Records contained in a dataset
━━━━━━━━

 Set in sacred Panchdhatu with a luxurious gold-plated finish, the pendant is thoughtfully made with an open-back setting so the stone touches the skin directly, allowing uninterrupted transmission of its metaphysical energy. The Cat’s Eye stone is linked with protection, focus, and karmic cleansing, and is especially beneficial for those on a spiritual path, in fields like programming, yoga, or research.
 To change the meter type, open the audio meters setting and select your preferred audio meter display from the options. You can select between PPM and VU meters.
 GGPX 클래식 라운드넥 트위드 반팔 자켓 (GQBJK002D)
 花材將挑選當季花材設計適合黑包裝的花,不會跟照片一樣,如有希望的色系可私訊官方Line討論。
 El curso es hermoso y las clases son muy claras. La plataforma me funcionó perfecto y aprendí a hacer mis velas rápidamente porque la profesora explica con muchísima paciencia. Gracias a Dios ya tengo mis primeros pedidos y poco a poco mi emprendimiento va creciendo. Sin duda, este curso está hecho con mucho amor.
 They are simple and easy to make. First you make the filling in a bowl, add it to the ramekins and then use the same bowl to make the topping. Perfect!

━━━━━━━━

## Instructions for the task
In full and word for word, restate the data.

## Written reply
 Set in sacred Panchdhatu with a luxurious gold-plated finish, the pendant is thoughtfully made with an open-back setting so the stone touches the skin directly, allowing uninterrupted transmission of its metaphysical energy. The Cat’s Eye stone is linked with protection, focus, and karmic cleansing, and is especially beneficial for those on a spiritual path, in fields like programming, yoga, or research.
 To change the meter type, open the audio meters setting and select your preferred audio meter display from the options. You can select between PPM and VU meters.
 GGPX 클래식 라운드넥 트위드 반팔 자켓 (GQBJK002D)
 花材將挑選當季花材設計適合黑包裝的花,不會跟照片一樣,如有希望的色系可私訊官方Line討論。
 El curso es hermoso y las clases son muy claras. La plataforma me funcionó perfecto y aprendí a hacer mis velas rápidamente porque la profesora explica con muchísima paciencia. Gracias a Dios ya tengo mis primeros pedidos y poco a poco mi emprendimiento va creciendo. Sin duda, este curso está hecho con mucho amor.
 They are simple and easy to make. First you make the filling in a bowl, add it to the ramekins and then use the same bowl to make the topping. Perfect!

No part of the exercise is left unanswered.